Based on these two data points I respond at 3.8-3.94x. Do you consider a 1200 or 1500 total T range an optimal TRT target?

If so, would you agree my requirement then calculates to 300-390 mg/week? That seems high compared to the standard 140-200 mg/week that most guys say they use. Am I just outside the typical response bell curve?

Thanks for taking the time to read, thanks in advance for your advice and guidance on all my questions.
Here’s a balanced veteran-style reply you could post back on the forum:

First off, excellent write-up and excellent discipline. Most guys posting bloodwork don’t provide even half this level of context, so respect for doing things methodically.

At 53, maintaining that condition naturally for decades before touching TRT is already impressive. Your response to injectable testosterone vs cream honestly makes perfect sense. The cream gave you decent total T numbers, but your SHBG was sky high, free T stayed poor, and DHT was massively elevated. The injectables clearly solved the actual issue, which was bioavailable androgen levels.

Your TRT labs on 210 mg/week honestly look very solid overall. Free T dramatically improved, SHBG normalized, hematology stayed controlled, lipids remained acceptable, PSA excellent, glucose/insulin excellent. More importantly, subjective wellbeing improved, which matters just as much as numbers.

Regarding the current cycle:
2366 total T with E2 at 104 on 600 mg/week is not shocking at all. That does not automatically make you a “high aromatizer.” Estradiol generally rises proportionally with testosterone, especially when free T is very high like yours. The important part is symptoms and overall balance.

That said, the recent fatigue/lethargy could absolutely be estrogen related, but I would not rush into aggressively crushing E2 with an AI. A lot of experienced guys feel worse once estrogen gets pushed too low, especially at your age range where joint health, mood, libido, cardiovascular function and cognition matter.

Personally, I think your own post already identified the likely answer:
500 mg/week probably suited you better than 600 mg/week.

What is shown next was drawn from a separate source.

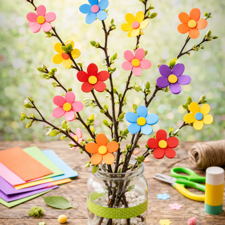 Ein paar Zweige in eine Vase stellen und mit selbst gebastelten Blüten schmücken.

Your body seemed to respond extremely well even before the increase, and sometimes the extra 100 mg just creates more aromatization, more systemic stress and less “feel good” return.

If it were me, I would:
• Drop back to 500 mg/week first
• Keep Proviron where it is for now
• Reassess symptoms for 10-14 days
• Only introduce an AI if symptoms persist or worsen

Because your bloodwork honestly still looks pretty controlled for 600 mg:
HCT reasonable
Lipids decent
Kidney markers good
PSA excellent
Prolactin controlled

You clearly tolerate testosterone well overall.

As for TRT targets, I’d focus less on chasing a specific total T number and more on:
• free T
• symptom resolution
• recovery
• libido
• sleep
• blood pressure
• hematology/lipids

Some guys feel amazing at 800 total T, others need 1300+. Your SHBG dynamics make your situation different from average TRT users, so comparing your dose requirements to “standard” 140-200 mg/week protocols is probably not very useful.

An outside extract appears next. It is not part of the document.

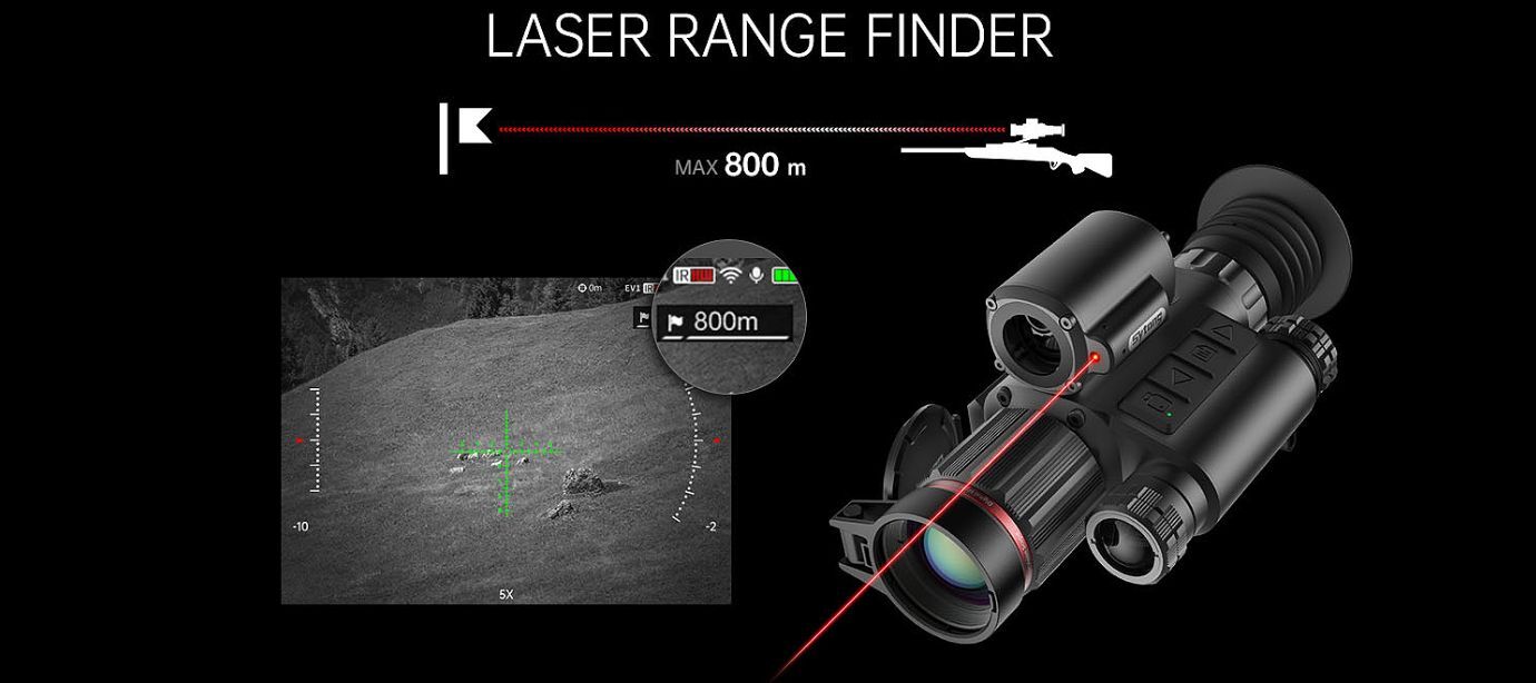 - Лазерный дальномер (800 м). Автобаллистика. 10 профилей выверки.

Your 210 mg/week protocol already produced:
799 total T
198 free T
excellent symptom improvement

Honestly, that already looks like a very successful TRT setup.

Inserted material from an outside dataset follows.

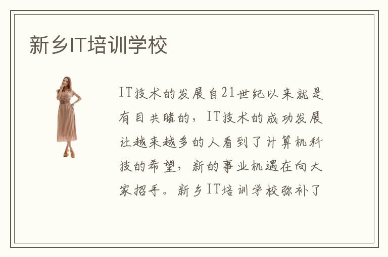 IT技術的發(fā)展自21世紀以來就是有目共睹的,IT技術的成功發(fā)展讓越來越多的人看到了計算機科技的希望,新的事業(yè)機遇在向大家招手。新鄉(xiāng)IT培訓學校彌補了自學IT技術時學習效率低、學習方式差、學習狀態(tài)不佳的問題,能夠集中學生們的注意力,保持IT技術的教育新鮮感。新鄉(xiāng)IT培訓機構發(fā)展是很有潛力的。新鄉(xiāng)IT技術發(fā)展?jié)摿Υ螅瑢W生在新鄉(xiāng)IT技術學校發(fā)展會比較成功。
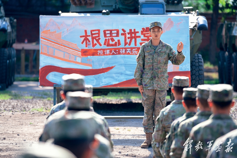 戰(zhàn)士在“根思講堂”上分享強(qiáng)軍故事。(攝影/季 鵬)

I also think your sleep deprivation history is a bigger variable than you may realize. Thirty years of rotating shifts and chronic sleep disruption can blunt recovery, energy and hormonal signaling hard. Sometimes guys try to out-drug lifestyle stressors that still need to be addressed separately.

Overall though:
Very impressive bloodwork.
Very thoughtful approach.
And both PSL and Dragon Pharma seem to be treating you extremely well based on these results.